Stored items:
*** Begin section ***
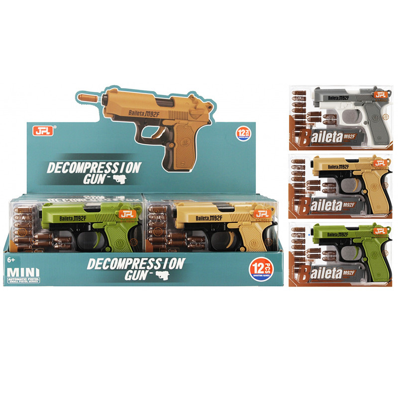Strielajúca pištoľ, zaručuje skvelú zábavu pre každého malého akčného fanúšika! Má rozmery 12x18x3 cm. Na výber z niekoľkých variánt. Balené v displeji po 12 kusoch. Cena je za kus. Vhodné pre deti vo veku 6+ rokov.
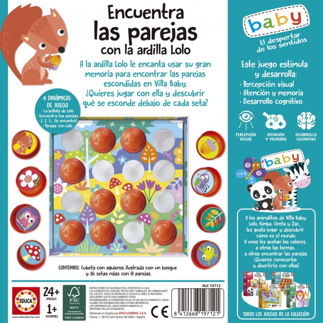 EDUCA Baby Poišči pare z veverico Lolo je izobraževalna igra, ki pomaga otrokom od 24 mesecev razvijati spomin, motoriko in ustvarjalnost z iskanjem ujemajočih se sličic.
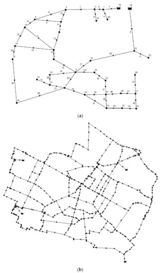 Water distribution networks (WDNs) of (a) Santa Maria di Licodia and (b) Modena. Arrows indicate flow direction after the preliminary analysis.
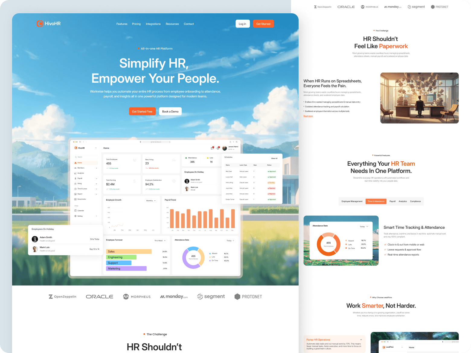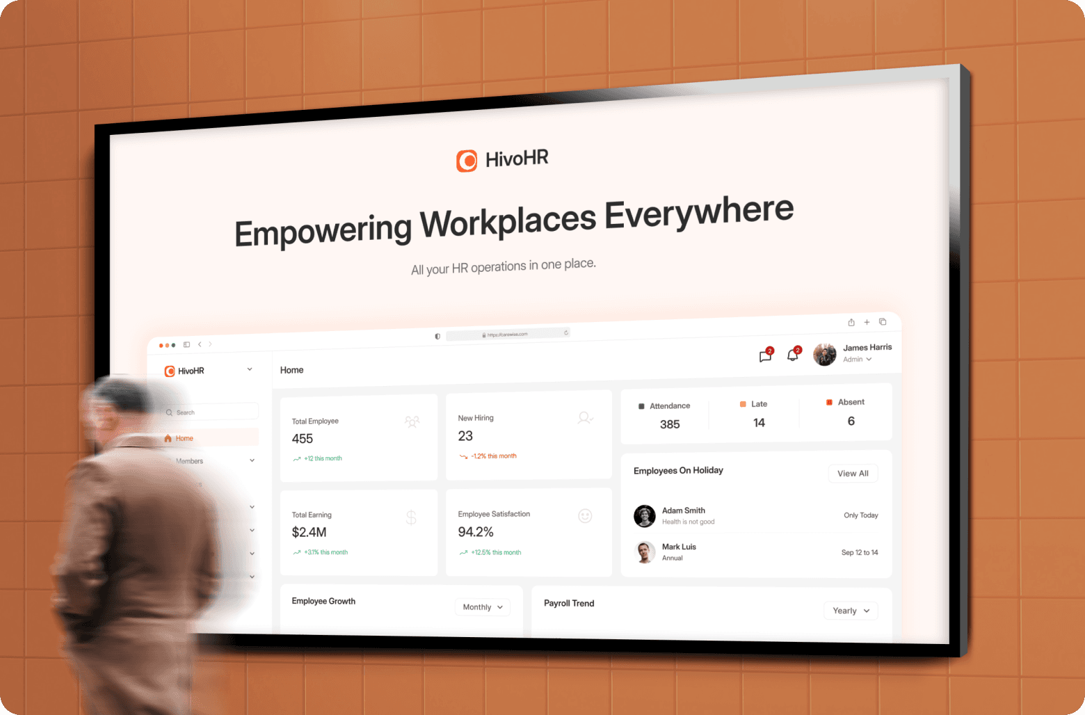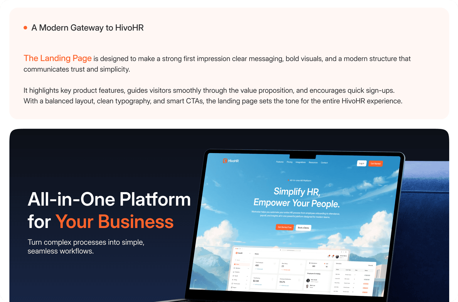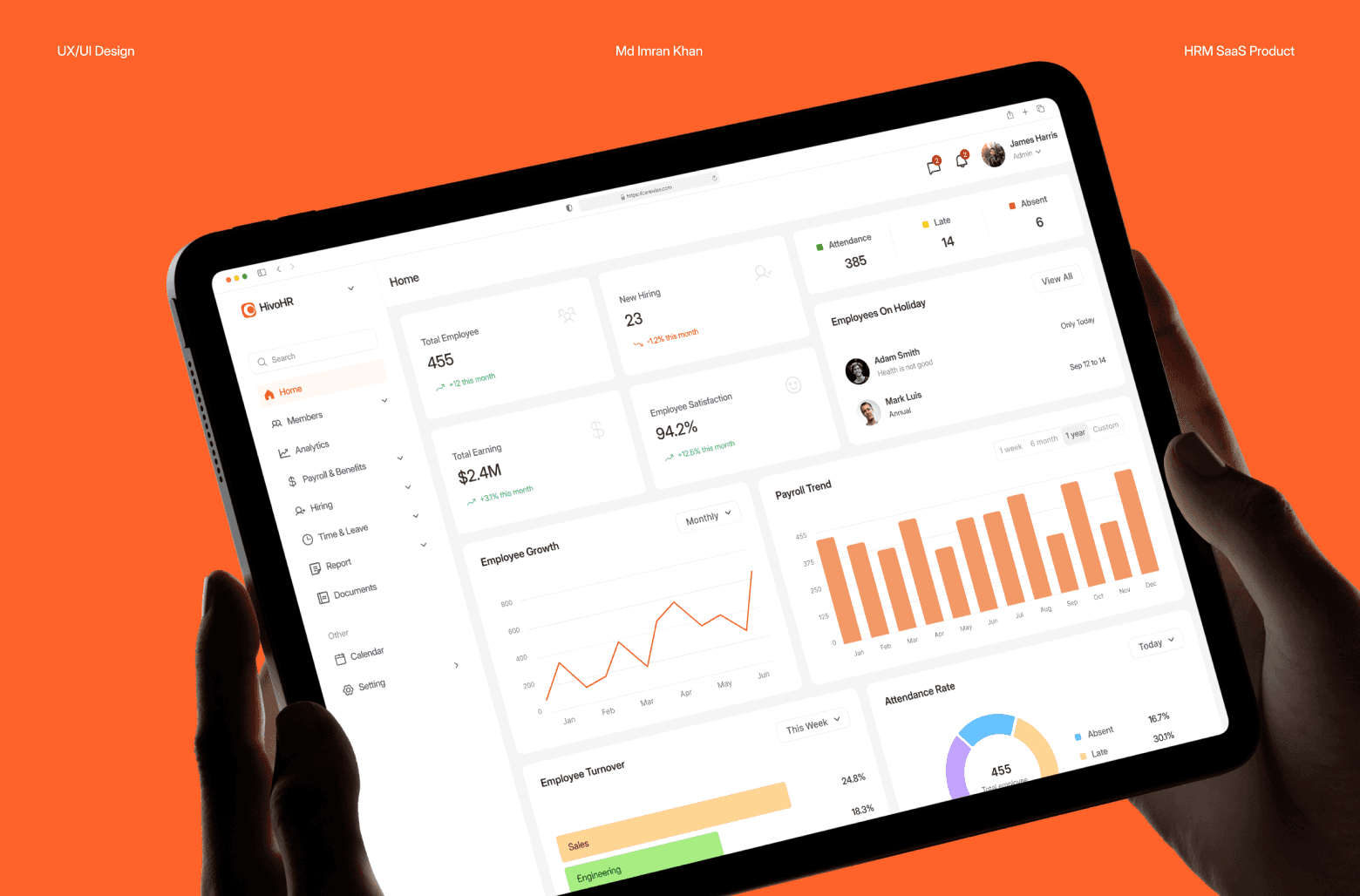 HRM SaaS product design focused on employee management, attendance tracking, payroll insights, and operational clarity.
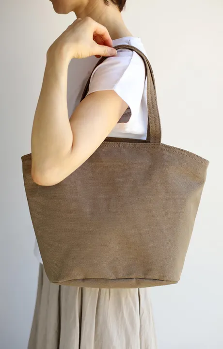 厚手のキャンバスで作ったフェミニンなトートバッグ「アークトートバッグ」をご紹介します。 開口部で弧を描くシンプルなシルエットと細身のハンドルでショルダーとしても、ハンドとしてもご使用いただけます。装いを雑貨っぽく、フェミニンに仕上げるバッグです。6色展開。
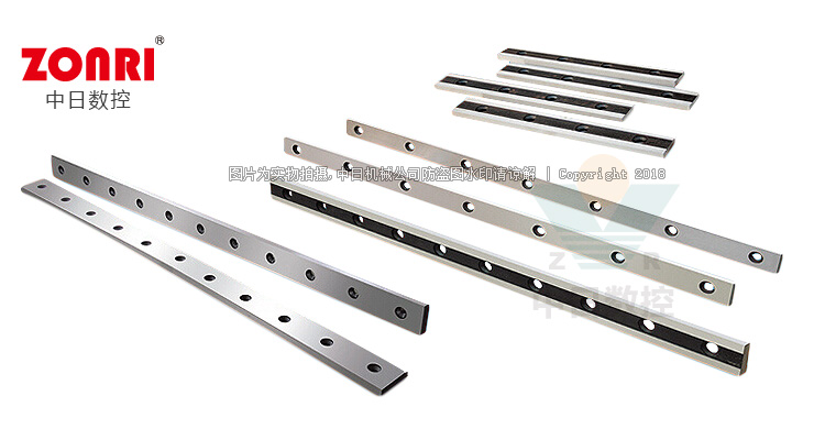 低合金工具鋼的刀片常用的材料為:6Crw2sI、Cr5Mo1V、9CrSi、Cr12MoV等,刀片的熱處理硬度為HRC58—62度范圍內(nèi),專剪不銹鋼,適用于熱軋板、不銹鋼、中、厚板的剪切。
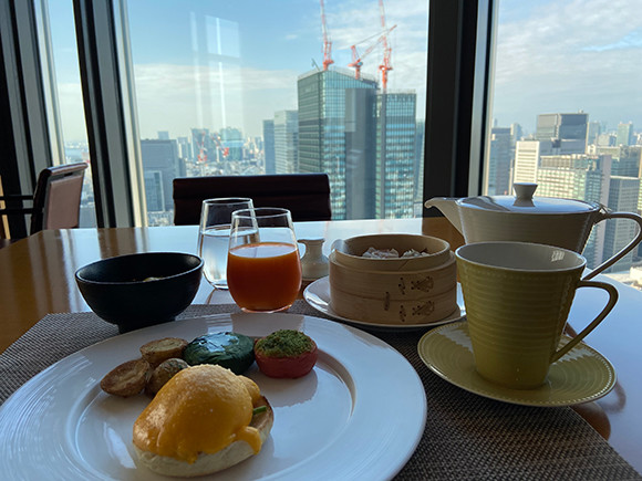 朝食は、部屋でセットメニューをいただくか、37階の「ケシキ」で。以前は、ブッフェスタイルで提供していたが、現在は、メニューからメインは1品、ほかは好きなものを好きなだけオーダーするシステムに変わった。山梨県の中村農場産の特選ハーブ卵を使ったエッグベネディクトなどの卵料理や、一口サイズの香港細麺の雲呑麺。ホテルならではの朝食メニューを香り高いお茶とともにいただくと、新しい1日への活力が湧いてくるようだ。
*** End section ***
Task =>
Give again, word for word, the lines above from the one with "EDUCA Baby Poišči" through the final line of the data, both ends included. Do not copy any picture.

Output =>
 EDUCA Baby Poišči pare z veverico Lolo je izobraževalna igra, ki pomaga otrokom od 24 mesecev razvijati spomin, motoriko in ustvarjalnost z iskanjem ujemajočih se sličic.
 Water distribution networks (WDNs) of (a) Santa Maria di Licodia and (b) Modena. Arrows indicate flow direction after the preliminary analysis.
 HRM SaaS product design focused on employee management, attendance tracking, payroll insights, and operational clarity.
 厚手のキャンバスで作ったフェミニンなトートバッグ「アークトートバッグ」をご紹介します。 開口部で弧を描くシンプルなシルエットと細身のハンドルでショルダーとしても、ハンドとしてもご使用いただけます。装いを雑貨っぽく、フェミニンに仕上げるバッグです。6色展開。
 低合金工具鋼的刀片常用的材料為:6Crw2sI、Cr5Mo1V、9CrSi、Cr12MoV等,刀片的熱處理硬度為HRC58—62度范圍內(nèi),專剪不銹鋼,適用于熱軋板、不銹鋼、中、厚板的剪切。
 朝食は、部屋でセットメニューをいただくか、37階の「ケシキ」で。以前は、ブッフェスタイルで提供していたが、現在は、メニューからメインは1品、ほかは好きなものを好きなだけオーダーするシステムに変わった。山梨県の中村農場産の特選ハーブ卵を使ったエッグベネディクトなどの卵料理や、一口サイズの香港細麺の雲呑麺。ホテルならではの朝食メニューを香り高いお茶とともにいただくと、新しい1日への活力が湧いてくるようだ。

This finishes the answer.